1918-й год на Востоке России — страница 50 из 51

Но по мере того как увеличилось количество армии, ухудшалось ее качество. Терялось сознание долга перед свободой и революцией, и она легко поддавалась агитации большевистских агентов. Но тогда при свободе слова и печати с этим легко было бороться, потому что это был уже не 1917 год большевистских обещаний мира, хлеба и свободы, а 1918-й, когда все и каждый увидели, что вместо мира большевики зажгли ужасную и все разрушающую Гражданскую войну, вместо хлеба каждый вкусил горький плод нищеты, вместо свободы каждый сделался жалким рабом. Малейшее напоминание этих фактов отрезвляло умы колеблющихся и толкало их на арену борьбы с насильниками.

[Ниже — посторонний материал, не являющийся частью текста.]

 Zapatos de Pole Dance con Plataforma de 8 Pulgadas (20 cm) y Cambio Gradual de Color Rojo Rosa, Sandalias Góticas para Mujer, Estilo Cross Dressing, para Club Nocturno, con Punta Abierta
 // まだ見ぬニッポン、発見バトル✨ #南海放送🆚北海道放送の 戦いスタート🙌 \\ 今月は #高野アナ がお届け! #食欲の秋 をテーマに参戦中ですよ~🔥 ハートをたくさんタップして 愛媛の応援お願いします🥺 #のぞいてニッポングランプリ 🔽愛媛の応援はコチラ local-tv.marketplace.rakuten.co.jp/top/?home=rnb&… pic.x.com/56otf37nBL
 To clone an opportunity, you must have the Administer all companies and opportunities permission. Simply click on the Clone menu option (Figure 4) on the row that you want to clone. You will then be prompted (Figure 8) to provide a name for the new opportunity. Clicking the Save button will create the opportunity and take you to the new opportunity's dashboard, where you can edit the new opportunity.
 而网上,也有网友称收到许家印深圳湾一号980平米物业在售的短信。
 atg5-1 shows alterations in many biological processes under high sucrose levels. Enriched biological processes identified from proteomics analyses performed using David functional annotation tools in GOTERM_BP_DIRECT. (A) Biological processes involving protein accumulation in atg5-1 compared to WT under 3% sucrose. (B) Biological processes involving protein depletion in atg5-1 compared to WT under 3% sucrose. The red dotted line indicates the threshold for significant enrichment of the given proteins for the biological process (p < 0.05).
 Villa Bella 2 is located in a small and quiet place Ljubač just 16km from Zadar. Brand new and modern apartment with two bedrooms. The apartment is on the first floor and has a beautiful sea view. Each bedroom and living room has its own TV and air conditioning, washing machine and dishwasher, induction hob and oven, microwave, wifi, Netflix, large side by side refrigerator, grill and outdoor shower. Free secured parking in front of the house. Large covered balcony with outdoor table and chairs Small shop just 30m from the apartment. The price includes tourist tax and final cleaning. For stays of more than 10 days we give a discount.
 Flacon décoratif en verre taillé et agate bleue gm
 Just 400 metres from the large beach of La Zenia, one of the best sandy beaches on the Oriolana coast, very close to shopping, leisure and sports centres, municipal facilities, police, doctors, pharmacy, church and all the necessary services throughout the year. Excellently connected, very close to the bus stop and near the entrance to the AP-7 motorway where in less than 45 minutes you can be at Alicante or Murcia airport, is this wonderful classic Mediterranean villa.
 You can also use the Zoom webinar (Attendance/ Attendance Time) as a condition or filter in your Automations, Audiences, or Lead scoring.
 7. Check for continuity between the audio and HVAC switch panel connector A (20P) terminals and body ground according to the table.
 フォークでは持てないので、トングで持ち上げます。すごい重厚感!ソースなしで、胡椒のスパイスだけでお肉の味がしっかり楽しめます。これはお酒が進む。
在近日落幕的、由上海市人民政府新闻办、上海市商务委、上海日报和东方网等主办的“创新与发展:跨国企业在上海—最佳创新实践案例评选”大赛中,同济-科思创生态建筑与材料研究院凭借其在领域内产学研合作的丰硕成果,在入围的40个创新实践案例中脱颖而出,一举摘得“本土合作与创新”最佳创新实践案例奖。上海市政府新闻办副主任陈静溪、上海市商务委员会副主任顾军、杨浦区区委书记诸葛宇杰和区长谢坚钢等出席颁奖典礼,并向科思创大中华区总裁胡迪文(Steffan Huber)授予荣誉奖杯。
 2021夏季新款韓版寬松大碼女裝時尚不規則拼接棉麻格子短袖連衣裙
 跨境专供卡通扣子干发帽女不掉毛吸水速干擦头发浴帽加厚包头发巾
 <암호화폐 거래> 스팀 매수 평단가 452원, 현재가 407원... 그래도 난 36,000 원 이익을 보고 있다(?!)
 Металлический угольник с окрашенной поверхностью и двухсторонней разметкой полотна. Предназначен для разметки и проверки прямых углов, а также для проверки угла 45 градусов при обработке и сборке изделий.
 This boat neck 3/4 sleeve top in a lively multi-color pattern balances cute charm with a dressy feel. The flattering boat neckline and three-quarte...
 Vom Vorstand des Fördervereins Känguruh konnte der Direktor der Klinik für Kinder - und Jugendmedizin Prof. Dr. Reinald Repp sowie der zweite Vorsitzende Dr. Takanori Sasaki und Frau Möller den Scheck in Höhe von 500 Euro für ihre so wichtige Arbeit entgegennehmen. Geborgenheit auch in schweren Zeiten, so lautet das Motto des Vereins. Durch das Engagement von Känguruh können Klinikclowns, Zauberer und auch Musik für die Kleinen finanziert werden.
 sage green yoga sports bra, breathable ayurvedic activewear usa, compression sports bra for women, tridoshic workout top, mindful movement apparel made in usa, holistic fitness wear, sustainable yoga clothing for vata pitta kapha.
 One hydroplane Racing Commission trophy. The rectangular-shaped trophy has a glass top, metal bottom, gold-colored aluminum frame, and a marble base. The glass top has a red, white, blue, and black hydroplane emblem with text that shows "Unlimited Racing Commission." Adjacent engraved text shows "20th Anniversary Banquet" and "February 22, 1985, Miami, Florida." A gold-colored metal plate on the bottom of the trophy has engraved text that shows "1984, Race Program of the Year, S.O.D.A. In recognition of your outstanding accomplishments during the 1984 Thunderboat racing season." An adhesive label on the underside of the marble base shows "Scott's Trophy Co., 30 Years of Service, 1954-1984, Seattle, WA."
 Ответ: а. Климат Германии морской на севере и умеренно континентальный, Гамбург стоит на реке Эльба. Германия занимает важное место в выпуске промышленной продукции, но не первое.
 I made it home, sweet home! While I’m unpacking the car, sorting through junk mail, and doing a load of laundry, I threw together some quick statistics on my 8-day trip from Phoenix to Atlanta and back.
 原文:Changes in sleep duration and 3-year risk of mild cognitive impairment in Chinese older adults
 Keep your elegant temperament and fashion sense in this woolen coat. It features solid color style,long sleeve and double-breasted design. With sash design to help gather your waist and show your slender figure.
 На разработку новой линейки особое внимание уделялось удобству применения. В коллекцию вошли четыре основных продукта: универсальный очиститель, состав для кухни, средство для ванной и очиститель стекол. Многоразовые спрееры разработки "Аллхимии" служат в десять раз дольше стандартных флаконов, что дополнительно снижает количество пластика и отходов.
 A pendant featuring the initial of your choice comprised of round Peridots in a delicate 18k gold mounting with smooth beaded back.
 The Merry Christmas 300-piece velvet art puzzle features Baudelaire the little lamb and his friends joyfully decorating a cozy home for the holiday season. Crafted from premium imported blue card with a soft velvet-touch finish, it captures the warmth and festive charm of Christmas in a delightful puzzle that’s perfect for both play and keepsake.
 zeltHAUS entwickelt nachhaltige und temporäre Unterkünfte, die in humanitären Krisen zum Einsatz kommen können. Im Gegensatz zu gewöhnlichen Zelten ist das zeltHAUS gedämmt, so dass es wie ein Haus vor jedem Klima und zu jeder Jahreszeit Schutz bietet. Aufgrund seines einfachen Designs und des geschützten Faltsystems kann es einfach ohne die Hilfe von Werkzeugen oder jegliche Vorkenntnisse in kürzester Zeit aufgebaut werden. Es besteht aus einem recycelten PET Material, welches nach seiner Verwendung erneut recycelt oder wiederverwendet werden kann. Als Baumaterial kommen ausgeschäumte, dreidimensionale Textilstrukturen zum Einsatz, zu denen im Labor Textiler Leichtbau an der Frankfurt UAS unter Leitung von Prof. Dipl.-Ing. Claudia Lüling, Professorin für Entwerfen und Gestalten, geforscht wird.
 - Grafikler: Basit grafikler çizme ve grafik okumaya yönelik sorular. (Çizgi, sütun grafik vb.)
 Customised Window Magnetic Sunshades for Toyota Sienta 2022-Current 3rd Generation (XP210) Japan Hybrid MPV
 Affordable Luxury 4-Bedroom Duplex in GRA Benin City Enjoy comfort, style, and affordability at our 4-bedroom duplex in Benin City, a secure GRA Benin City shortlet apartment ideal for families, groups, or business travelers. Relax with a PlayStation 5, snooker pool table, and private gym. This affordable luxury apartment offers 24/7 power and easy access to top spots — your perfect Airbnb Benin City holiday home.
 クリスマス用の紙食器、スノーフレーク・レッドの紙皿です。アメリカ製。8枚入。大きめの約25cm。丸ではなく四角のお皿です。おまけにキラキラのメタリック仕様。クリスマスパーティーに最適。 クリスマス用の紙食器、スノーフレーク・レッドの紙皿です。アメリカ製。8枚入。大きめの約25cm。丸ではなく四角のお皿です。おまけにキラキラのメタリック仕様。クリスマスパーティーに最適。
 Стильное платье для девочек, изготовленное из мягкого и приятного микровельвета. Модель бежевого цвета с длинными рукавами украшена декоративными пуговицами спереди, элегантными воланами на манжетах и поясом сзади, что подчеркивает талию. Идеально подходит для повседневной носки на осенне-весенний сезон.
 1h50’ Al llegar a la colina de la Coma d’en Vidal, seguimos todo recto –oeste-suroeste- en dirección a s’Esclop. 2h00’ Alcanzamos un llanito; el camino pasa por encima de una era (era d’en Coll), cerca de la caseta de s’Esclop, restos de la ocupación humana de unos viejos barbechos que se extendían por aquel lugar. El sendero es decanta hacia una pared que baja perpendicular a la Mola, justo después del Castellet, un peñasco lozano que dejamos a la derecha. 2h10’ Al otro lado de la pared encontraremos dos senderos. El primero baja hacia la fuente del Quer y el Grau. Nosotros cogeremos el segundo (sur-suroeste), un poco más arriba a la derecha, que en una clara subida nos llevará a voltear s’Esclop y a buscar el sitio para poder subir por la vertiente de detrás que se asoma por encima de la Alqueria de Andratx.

В августе месяце 1918 года эти насильники получили неожиданную помощь.

Застывшие в своих иллюзиях наши левые цекисты, при отсутствии других членов ЦК, арестованных при разгоне в Москве всероссийской рабочей конференции, вынесли резолюцию, осуждавшую борьбу с большевиками, и призывали организованные слои рабочих влиться в ряды большевистских организаций, предполагая таким путем очистить эти помойные ямы. Это было для нас предательским ударом, ударом в спину демократическому пролетариату, боровшемуся с насильниками-большевиками за политические права рабочего класса и за свободу всего русского народа.

Большевики достойно оценили эту резолюцию. Они напечатали ее в миллионах летучек и разбрасывали их по всему фронту и в тылу. И надо сказать, что эти летучки не остались без влияния, как на фронте, так и в тылу. Да я сам, несмотря на то что так много перестрадал от большевиков, тоже был смущен в своих действиях. Не потому, конечно, что я боялся смерти или тех неслыханно диких пыток, которые применяли большевики к своим политическим противникам, и не потому, что я разубедился в справедливости моего отношения к большевикам как контрреволюционерам и стал считать их безумную политику преддверием к социализму. Нет! Я в этом был непоколебим, пока жил в дико каторжных условиях большевистской политики. Но когда я оказался за рубежом по ту сторону фронта, то, не имея прямых сведений из центра России, я допустил мысль, что, может быть, снизошел луч благоразумия на головы большевиков и они отказались от безумной политики коммунизма, раскрепостили своих политических противников, меньшевиков и эсеров, и создали один общий фронт на защиту свободы и революции от надвигающейся реакции справа. Я думал, что только в таком случае наш ЦК мог выпустить подобную резолюцию.

Для выяснения нашего отношения к этой резолюции был созван комитет боткинской партийной организации. Не имея, однако, официальных сведений из центра России о политической жизни рабочих, мы не могли прийти к определенному решению и решили ждать, как отнесется к этой резолюции Уральский областной комитет.

Ждать пришлось недолго. Подвергнув резолюцию всесторонней критике, Уральский областной комитет пришел к заключению, что подобного рода резолюции могут выносить только люди, соскользнувшие с рельсов русской действительности, оторвавшиеся от земли и от рабочих масс.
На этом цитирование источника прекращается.